The Taoyuan Department of Agriculture said that it had not heard of any P martensi sightings before now.
Regardless, papaya is not one of the city’s main agricultural products and wasabi is no longer cultivated there, it said, adding that it would nevertheless continue to monitor the situation and gather a team of experts to respond if necessary.
Most people are aware that creatures with shells are called snails and those without are slugs, but semi-slugs are evolutionarily in between, with shells that have nearly disappeared, but are not quite vestigial, Hua said.
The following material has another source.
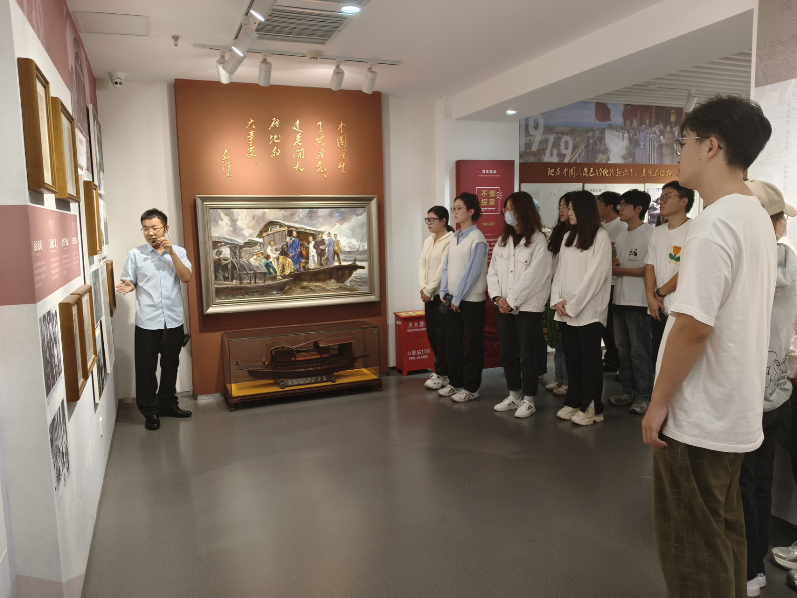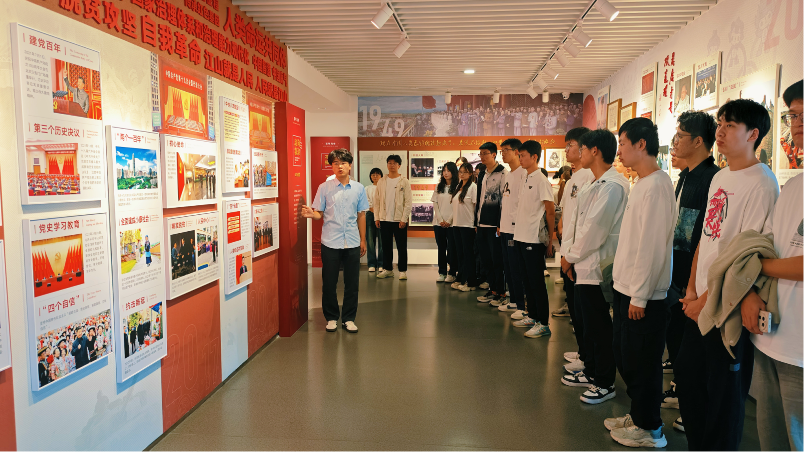 听一场党史讲解,感受一次精神洗礼。学员们来到学校党员组织生活馆,在讲解员的带领下,透过一幅幅历史图片、一个个鲜活事例,共同回顾了中国共产党带领全国各族人民进行革命、建设和改革的伟大历程,感悟社会主义从空想到科学,马克思主义从产生到发展所表现出的强大生命力,认真学习了中国共产党在长期奋斗中构建起的中国共产党人的精神谱系,致敬不同历史时期为新中国成立不畏牺牲,顽强拼搏的先烈英模。

In Taiwan, they fall under the snail category, but in China, people call them slugs, he added.
The shell of a P martensi is translucent and yellowish in color, measuring about 1.5cm long and 1cm wide, while its body is about 4cm long and ranges from dark gray to dark brown, with a small protrusion on its tail, Hua said.
Similar to spiders and certain types of larvae, it excretes a mucus from its tail that sticks to itself so that it can safely drop from high distances, allowing it to cover more ground, he said.
Insecticides, coffee grounds, tea tree oil and neem oil are not very effective against the semi-slugs, but distilled camellia oil seems promising, Hua added.
The creature was discovered in Cambodia in 1893, and was later brought to China, Japan, the Philippines and Hawaii, he said.
If confirmed, it would be the first sighting of the creature in Taoyuan.
Hua said that the semi-slug is a good host for the rat lungworm, or Angiostrongylus cantonensis, which can cause eosinophilic meningitis in humans.
In 1985, members of the Kimlan Foods Co family contracted the parasite after eating raw giant African snails, killing four and leaving another bedridden, Hua said, adding that only the third son, who was abroad at the time, survived to take over the business.